▸ **Data supplied**
***

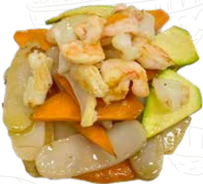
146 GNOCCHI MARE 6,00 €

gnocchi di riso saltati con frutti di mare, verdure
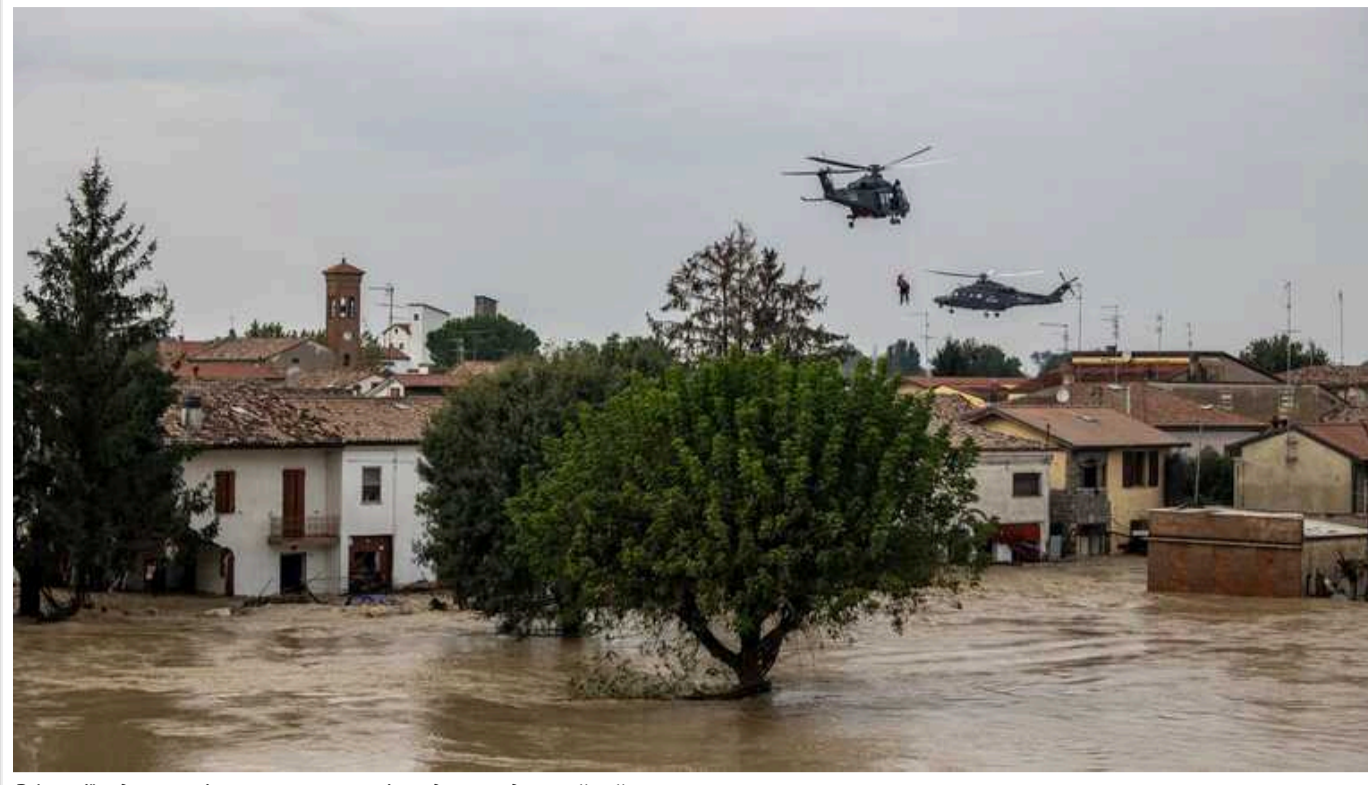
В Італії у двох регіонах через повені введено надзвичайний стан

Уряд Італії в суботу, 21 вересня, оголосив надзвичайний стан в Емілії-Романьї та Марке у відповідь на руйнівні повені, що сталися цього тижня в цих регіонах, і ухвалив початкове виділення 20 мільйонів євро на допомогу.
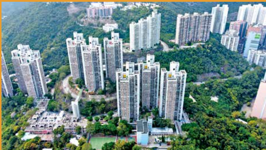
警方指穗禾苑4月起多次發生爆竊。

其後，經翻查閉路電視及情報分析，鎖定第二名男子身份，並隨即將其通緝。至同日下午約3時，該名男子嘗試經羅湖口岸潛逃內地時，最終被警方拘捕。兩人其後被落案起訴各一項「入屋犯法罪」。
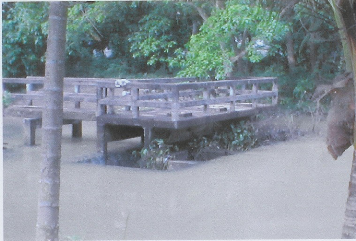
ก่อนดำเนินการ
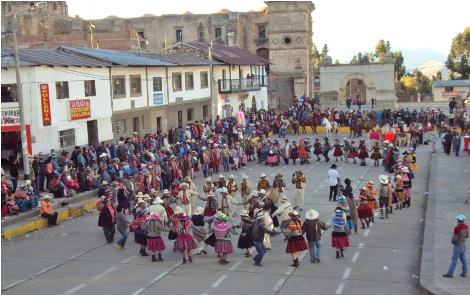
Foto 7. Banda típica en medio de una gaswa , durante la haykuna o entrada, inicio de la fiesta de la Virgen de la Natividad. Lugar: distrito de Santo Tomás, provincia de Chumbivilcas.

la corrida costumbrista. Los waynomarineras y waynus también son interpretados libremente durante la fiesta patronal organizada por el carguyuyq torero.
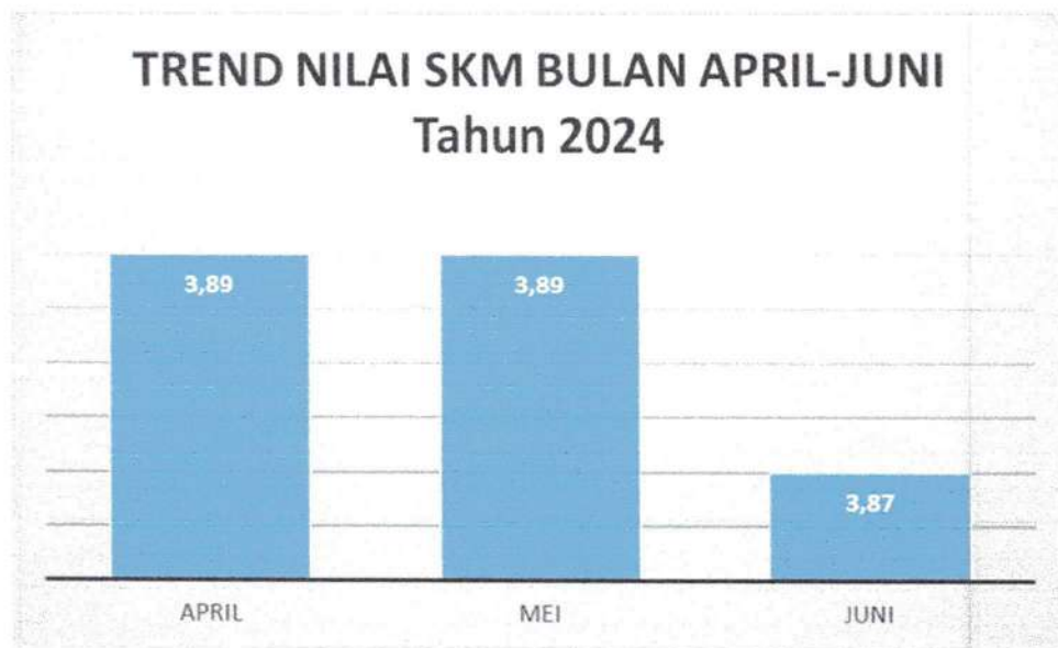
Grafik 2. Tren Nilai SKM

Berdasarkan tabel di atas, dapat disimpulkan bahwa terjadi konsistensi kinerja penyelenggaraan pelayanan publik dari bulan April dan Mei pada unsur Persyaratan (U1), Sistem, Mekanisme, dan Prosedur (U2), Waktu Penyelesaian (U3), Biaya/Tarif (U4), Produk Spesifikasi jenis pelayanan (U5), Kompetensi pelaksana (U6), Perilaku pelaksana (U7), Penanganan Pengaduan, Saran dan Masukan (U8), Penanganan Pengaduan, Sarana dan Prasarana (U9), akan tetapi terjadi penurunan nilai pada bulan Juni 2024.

***

▸ **What needs to be done**
Leaving out every picture, repeat exactly the lines of the records from the start through the line that has "Grafik 2. Tren Nilai SKM".

▸ **Solution for this exercise**
146 GNOCCHI MARE 6,00 €

gnocchi di riso saltati con frutti di mare, verdure
В Італії у двох регіонах через повені введено надзвичайний стан

Уряд Італії в суботу, 21 вересня, оголосив надзвичайний стан в Емілії-Романьї та Марке у відповідь на руйнівні повені, що сталися цього тижня в цих регіонах, і ухвалив початкове виділення 20 мільйонів євро на допомогу.
警方指穗禾苑4月起多次發生爆竊。

其後，經翻查閉路電視及情報分析，鎖定第二名男子身份，並隨即將其通緝。至同日下午約3時，該名男子嘗試經羅湖口岸潛逃內地時，最終被警方拘捕。兩人其後被落案起訴各一項「入屋犯法罪」。
ก่อนดำเนินการ
Foto 7. Banda típica en medio de una gaswa , durante la haykuna o entrada, inicio de la fiesta de la Virgen de la Natividad. Lugar: distrito de Santo Tomás, provincia de Chumbivilcas.

la corrida costumbrista. Los waynomarineras y waynus también son interpretados libremente durante la fiesta patronal organizada por el carguyuyq torero.
Grafik 2. Tren Nilai SKM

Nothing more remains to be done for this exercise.